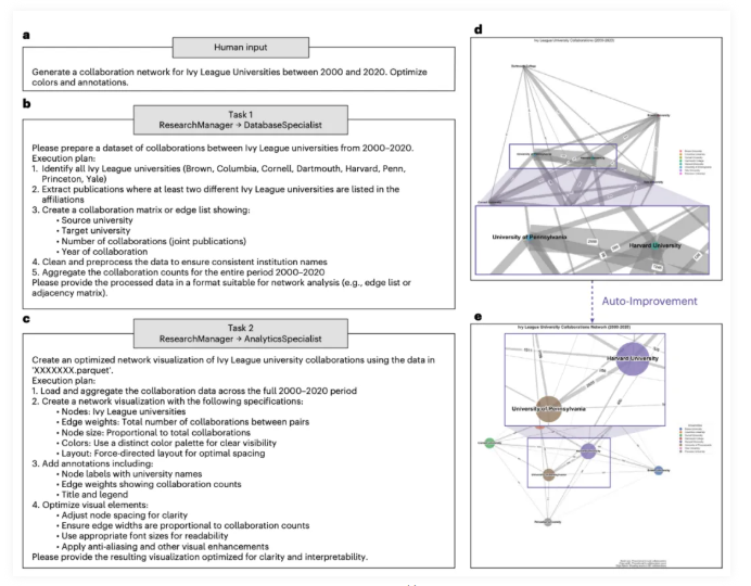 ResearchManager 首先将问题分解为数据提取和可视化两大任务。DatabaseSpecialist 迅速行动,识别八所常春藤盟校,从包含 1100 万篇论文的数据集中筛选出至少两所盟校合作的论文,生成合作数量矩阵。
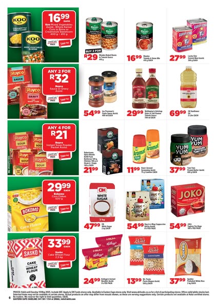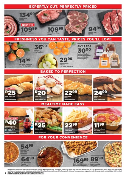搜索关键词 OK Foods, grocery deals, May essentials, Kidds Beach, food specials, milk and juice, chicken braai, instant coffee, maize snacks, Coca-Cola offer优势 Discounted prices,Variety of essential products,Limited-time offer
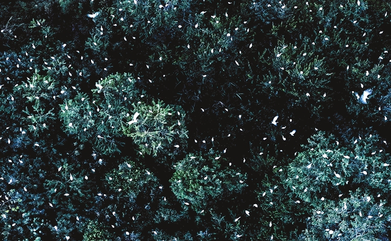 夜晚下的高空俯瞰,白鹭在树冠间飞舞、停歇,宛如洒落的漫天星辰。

......

**What to produce**
Without the pictures, give every line of the data again, exactly as written.

**Task output**
 ResearchManager 首先将问题分解为数据提取和可视化两大任务。DatabaseSpecialist 迅速行动,识别八所常春藤盟校,从包含 1100 万篇论文的数据集中筛选出至少两所盟校合作的论文,生成合作数量矩阵。
搜索关键词 OK Foods, grocery deals, May essentials, Kidds Beach, food specials, milk and juice, chicken braai, instant coffee, maize snacks, Coca-Cola offer优势 Discounted prices,Variety of essential products,Limited-time offer
 夜晚下的高空俯瞰,白鹭在树冠间飞舞、停歇,宛如洒落的漫天星辰。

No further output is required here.